Mantık Al-Tayr, Feriüddin Attâr
By Aisha Benghazi on Haz 4, 2012 in Hayat, İnsan, Kitap Alıntısı, Ölüm, Zaman Nedir?
Bir mezar kazıcı vardı, pek uzun ömürlüydü. Birisi dedi ki:
- – Bir şey söyle, bir şey anlat bize, bir ömürdür çukurlarda mezar kazar durursun, yer altında şaşılacak ne gördün?
- – sana şaşılacak bir şey söyleyeyim, hâlimi anlatayım, : Bu köpek nefsim tam yetmiş yıldır mezar kazdığımı gördü de bir an bile ölmedi!
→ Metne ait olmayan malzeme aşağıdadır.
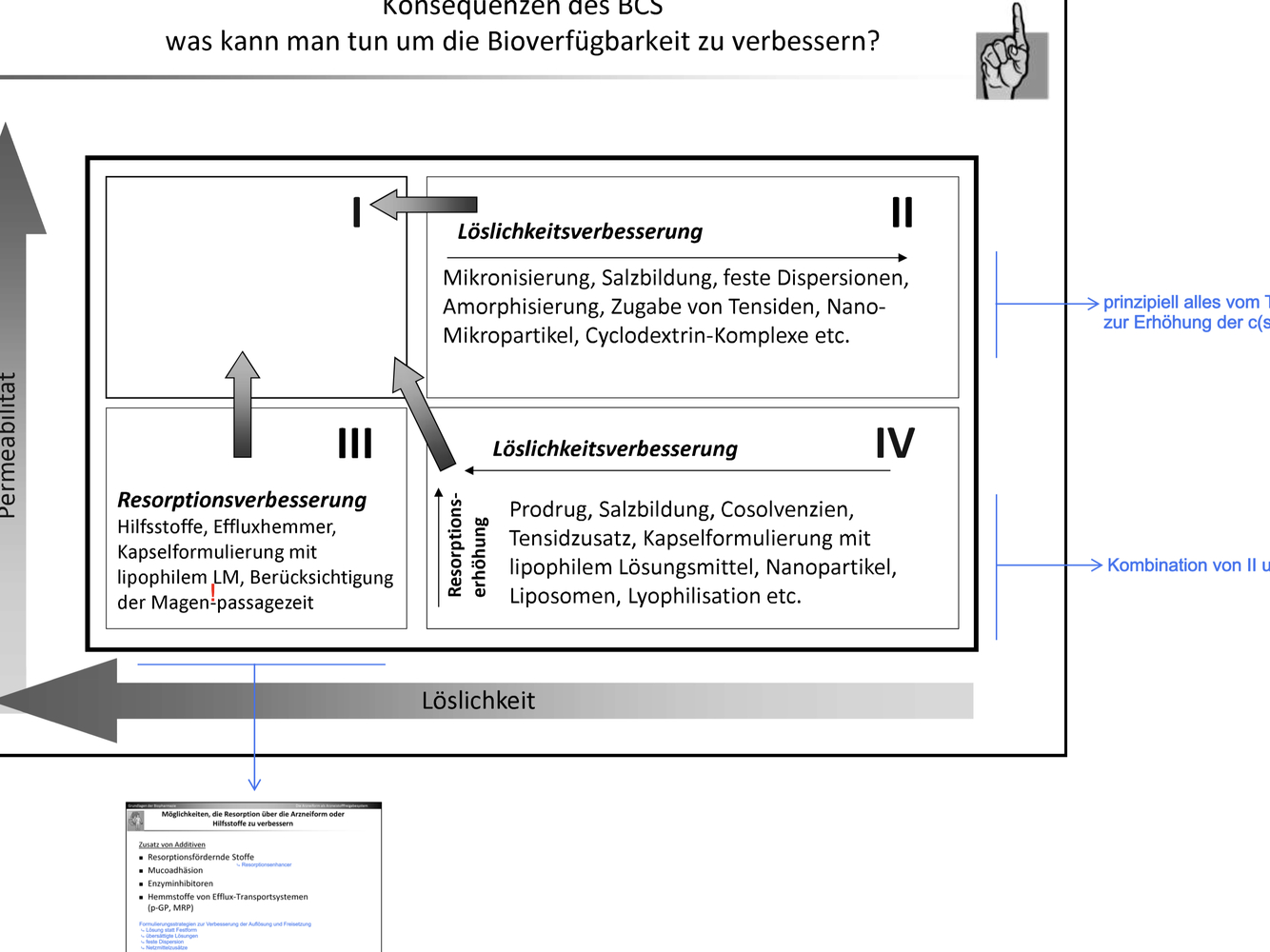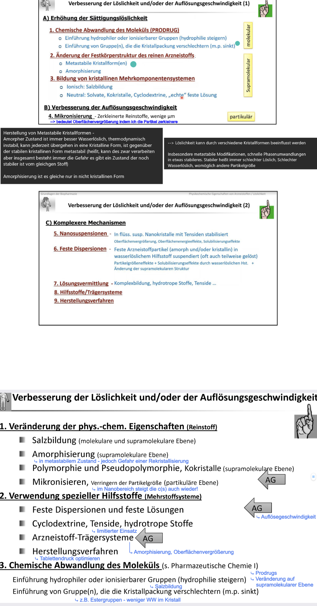 Durch löslichkeits verbessernde Maßnahmen, Mikronisierung, Salzbildung, feste Dispersion, Amorphisieurng, Nano-Mikropartikel

Kaynak: Mantık Al-Tayr, Feriüddin Attâr
İranlı mutasavvıf şair Ferîdüddîn-i Attâr 12. yy sonu- 13. yy başında yaşamış, İslam tarihinin en önemli şahsiyetlerinden biridir. İlahînâme ve Tezkiret-ül Evliya gibi eserlerinin yanı sıra, en tanınmış mesnevisi sayılan ve Hz. Mevlana dâhil kendinden sonraki pek çok mutasavvıfta iz bırakan Mantık al-Tayr (Kuşların Dili) da ise Attâr, çeşitli semboller aracılığıyla tasavvufun temellerini, önemli prensiplerini ve tasavvufî inancı anlatmaktadır.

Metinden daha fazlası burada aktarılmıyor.